Hey, hab n Angebot gesehen von nem Satz Schwalbe Fat Albert mit nem Orangenen Rand. Allerdings ist nicht der Profilrand orange, sondern quasi die Dichtlippe. Dummerweise wird der nur als Satz verkauft und ich bräuchte lediglich einen VR. Weiß zufällig jemand, ob man diese Edition auch einzeln irgendwo kriegt? Oder anders rum, braucht evtl jemand einen Hinterreifen davon? Größe 26 x 2,4


----------



## Cyberpeak (30. Juli 2013)

DannyCalifornia schrieb:


> Hey, hab n Angebot gesehen von nem Satz Schwalbe Fat Albert mit nem Orangenen Rand.
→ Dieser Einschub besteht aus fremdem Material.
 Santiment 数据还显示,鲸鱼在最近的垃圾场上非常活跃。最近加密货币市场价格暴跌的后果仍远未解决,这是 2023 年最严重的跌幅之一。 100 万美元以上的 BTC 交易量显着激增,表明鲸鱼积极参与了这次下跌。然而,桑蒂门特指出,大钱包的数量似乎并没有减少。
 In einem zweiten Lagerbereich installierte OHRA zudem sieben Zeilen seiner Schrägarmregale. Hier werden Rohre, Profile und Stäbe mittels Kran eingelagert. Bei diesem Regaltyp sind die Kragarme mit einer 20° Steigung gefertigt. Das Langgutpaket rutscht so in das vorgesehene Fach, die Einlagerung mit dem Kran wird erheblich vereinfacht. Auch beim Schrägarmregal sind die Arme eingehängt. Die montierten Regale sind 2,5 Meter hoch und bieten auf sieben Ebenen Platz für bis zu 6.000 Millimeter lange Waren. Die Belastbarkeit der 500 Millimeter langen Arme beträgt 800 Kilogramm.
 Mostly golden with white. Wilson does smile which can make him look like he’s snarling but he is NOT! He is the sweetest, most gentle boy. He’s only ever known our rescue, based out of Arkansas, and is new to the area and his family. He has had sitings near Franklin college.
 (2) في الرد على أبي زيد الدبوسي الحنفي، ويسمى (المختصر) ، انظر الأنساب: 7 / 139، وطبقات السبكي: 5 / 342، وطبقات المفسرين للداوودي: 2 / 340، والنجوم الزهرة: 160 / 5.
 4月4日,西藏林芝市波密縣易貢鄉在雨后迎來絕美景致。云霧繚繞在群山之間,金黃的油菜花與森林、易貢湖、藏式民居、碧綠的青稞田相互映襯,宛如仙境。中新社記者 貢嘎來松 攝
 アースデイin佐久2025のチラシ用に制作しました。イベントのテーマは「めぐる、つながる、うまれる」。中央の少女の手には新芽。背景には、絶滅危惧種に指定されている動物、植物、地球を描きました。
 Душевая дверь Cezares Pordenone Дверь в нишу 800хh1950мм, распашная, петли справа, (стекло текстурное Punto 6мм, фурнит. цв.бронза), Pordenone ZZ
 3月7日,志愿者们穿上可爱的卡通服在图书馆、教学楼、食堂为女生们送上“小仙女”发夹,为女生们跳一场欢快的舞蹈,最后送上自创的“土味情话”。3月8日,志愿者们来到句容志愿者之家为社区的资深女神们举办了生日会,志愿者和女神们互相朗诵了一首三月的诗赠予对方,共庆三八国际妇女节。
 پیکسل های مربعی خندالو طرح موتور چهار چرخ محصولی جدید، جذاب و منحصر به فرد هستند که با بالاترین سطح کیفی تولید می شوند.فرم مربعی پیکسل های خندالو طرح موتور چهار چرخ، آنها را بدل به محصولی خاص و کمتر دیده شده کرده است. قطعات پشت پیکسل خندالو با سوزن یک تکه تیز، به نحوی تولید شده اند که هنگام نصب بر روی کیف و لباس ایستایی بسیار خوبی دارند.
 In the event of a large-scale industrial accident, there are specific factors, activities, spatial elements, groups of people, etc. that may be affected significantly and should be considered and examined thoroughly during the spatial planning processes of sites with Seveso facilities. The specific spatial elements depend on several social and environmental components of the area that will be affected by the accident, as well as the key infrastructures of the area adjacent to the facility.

Allerdings ist nicht der Profilrand orange, sondern quasi die Dichtlippe. Dummerweise wird der nur als Satz verkauft und ich bräuchte lediglich einen VR. Weiß zufällig jemand, ob man diese Edition auch einzeln irgendwo kriegt? Oder anders rum, braucht evtl jemand einen Hinterreifen davon? Größe 26 x 2,4



hast du eine Quelle gefunden? Bin auch auf der Suche, gerne auch als Paar


----------



## MTB-News.de




----------



## DannyCalifornia (31. Juli 2013)

Jein, hab damals hier über den Bikemarkt nen Satz gekauft, die kamen wohl von nem Komplettbike, weiß nich, ob man da heut noch irgendwie ran kommt


----------